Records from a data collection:
+ + + + +

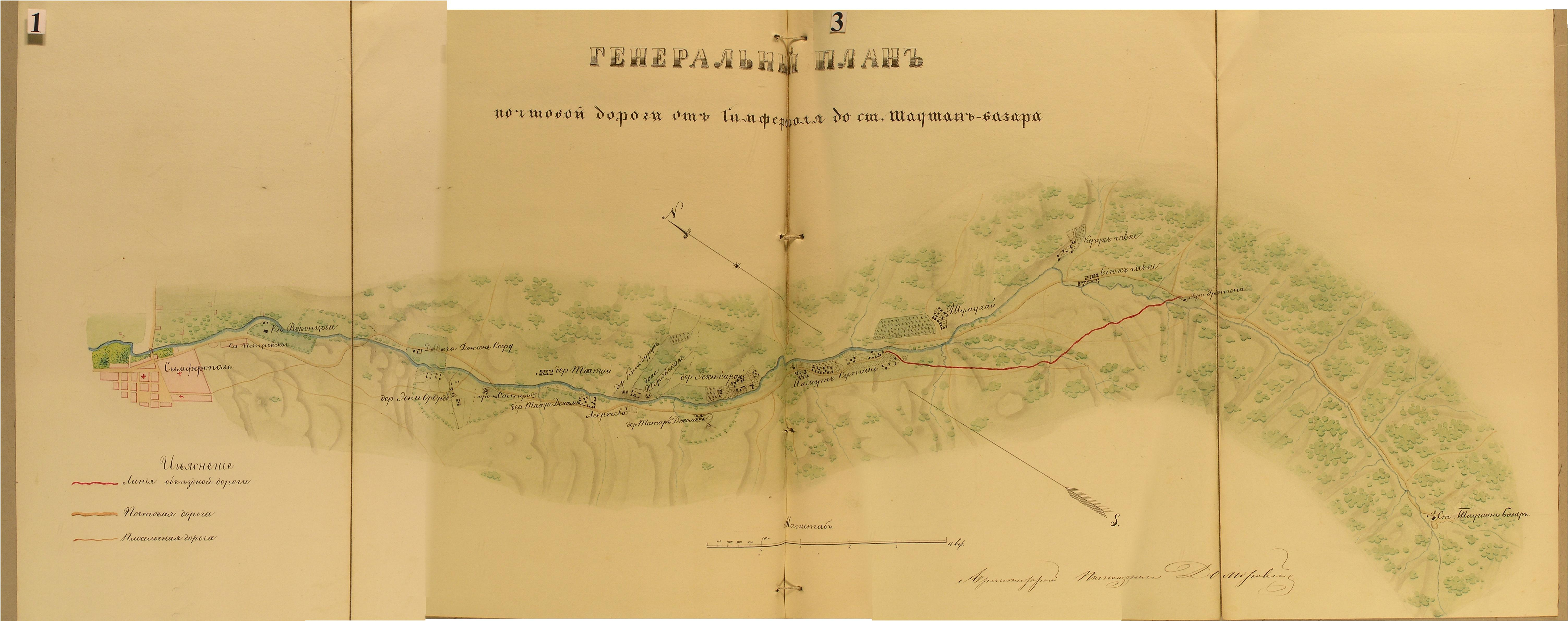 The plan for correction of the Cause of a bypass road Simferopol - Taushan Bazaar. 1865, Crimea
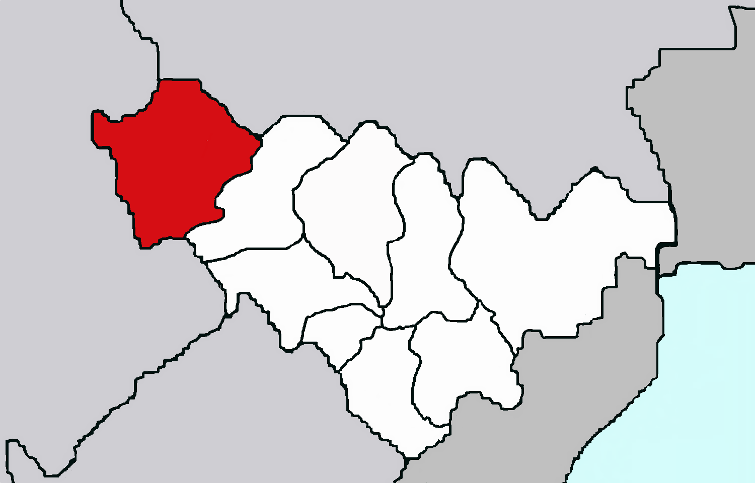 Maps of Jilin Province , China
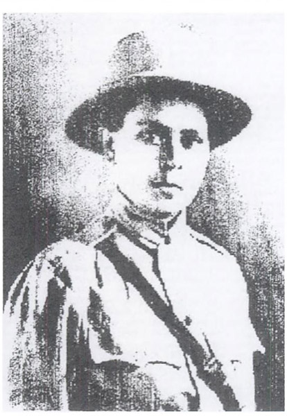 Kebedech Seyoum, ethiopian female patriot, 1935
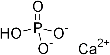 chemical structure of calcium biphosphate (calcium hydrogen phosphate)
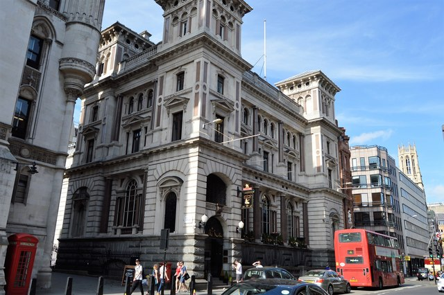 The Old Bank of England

+ + + + +

• **WHAT TO PRODUCE**: Beginning with the line that has "Maps of Jilin Province , China", repeat each remaining line of the data above word for word, keeping pictures out.

• **YOUR RESPONSE**:
 Maps of Jilin Province , China
 Kebedech Seyoum, ethiopian female patriot, 1935
 chemical structure of calcium biphosphate (calcium hydrogen phosphate)
 The Old Bank of England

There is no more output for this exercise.